> **Description of the task**
Please restate each line of the data below exactly. Omit all images.

> **Given data**
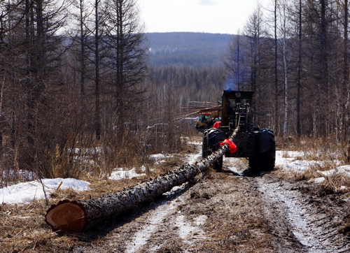 2015年3月28日,內(nèi)蒙古大興安嶺圖里河林業(yè)局砍伐的最后一段木材被運(yùn)下山 鄒儉樸/攝
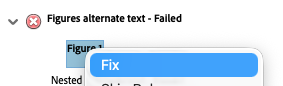 - Right click (Control Click on Mac) the item with issue and select Fix. For example, if an image is missing Alt Text, selecting Fix will allow you to add it.
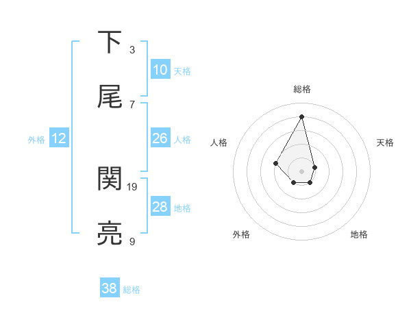 下尾 関亮さんを姓名の画数から五運を鑑定
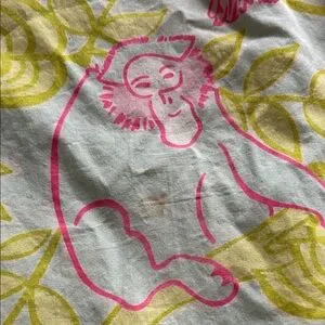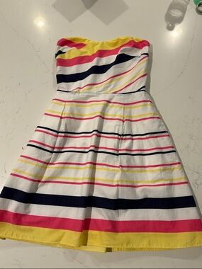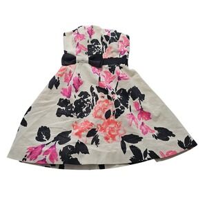 Charming strapless dress with a playful safari print. Bold pink and yellow animal motifs on a mint background. Light, breezy look perfect for summer days. A couple of small light stains on front of skirt (see photos)
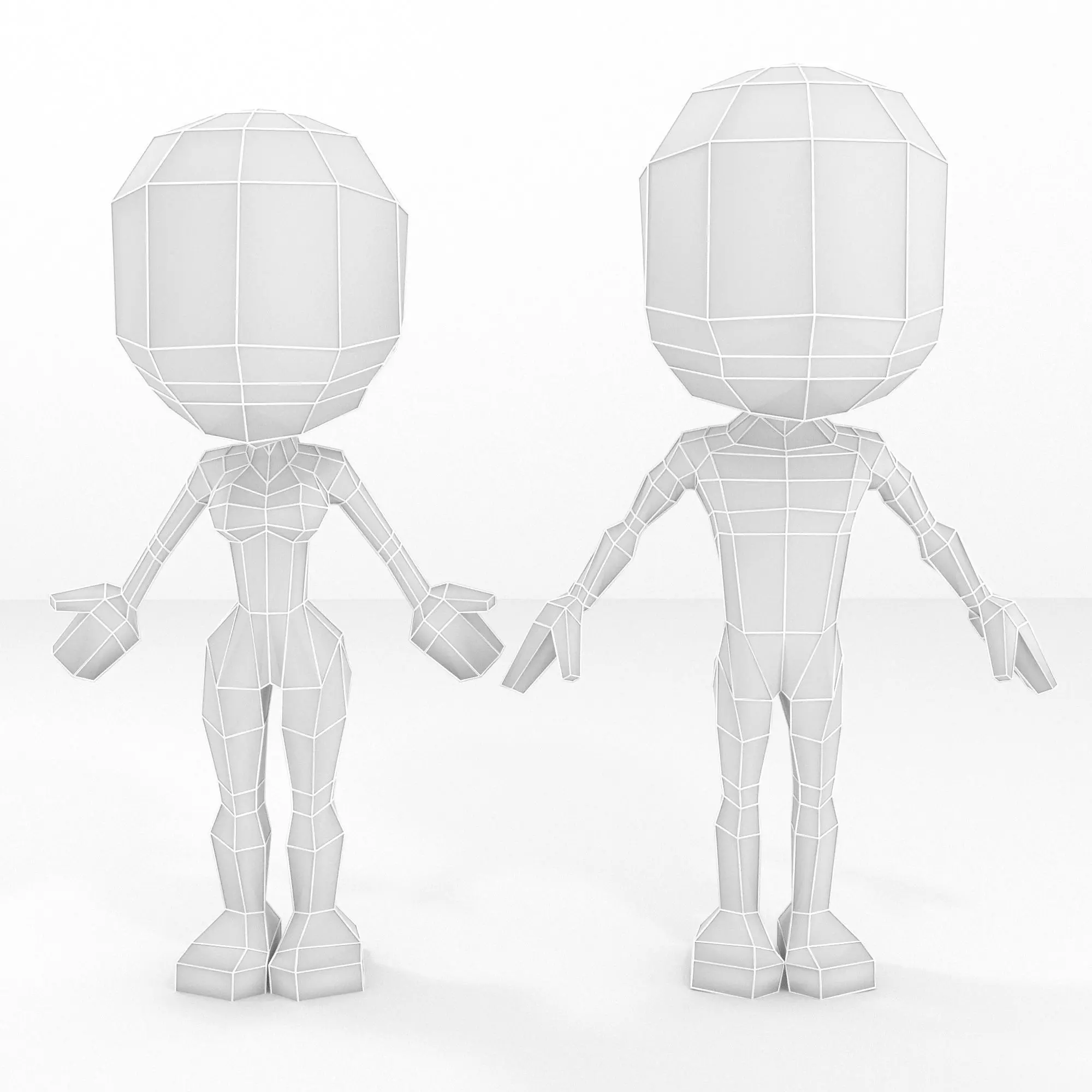 Base mesh set for a human female and male low poly fantasy character. Ideal as a base for your human cartoon style game characters. Cute style because of the big chibi head and general proportions. Very lowpoly for best performance in mobile or AR/VR projects.

> **Reply to the exercise**
 2015年3月28日,內(nèi)蒙古大興安嶺圖里河林業(yè)局砍伐的最后一段木材被運(yùn)下山 鄒儉樸/攝
 - Right click (Control Click on Mac) the item with issue and select Fix. For example, if an image is missing Alt Text, selecting Fix will allow you to add it.
 下尾 関亮さんを姓名の画数から五運を鑑定
 Charming strapless dress with a playful safari print. Bold pink and yellow animal motifs on a mint background. Light, breezy look perfect for summer days. A couple of small light stains on front of skirt (see photos)
 Base mesh set for a human female and male low poly fantasy character. Ideal as a base for your human cartoon style game characters. Cute style because of the big chibi head and general proportions. Very lowpoly for best performance in mobile or AR/VR projects.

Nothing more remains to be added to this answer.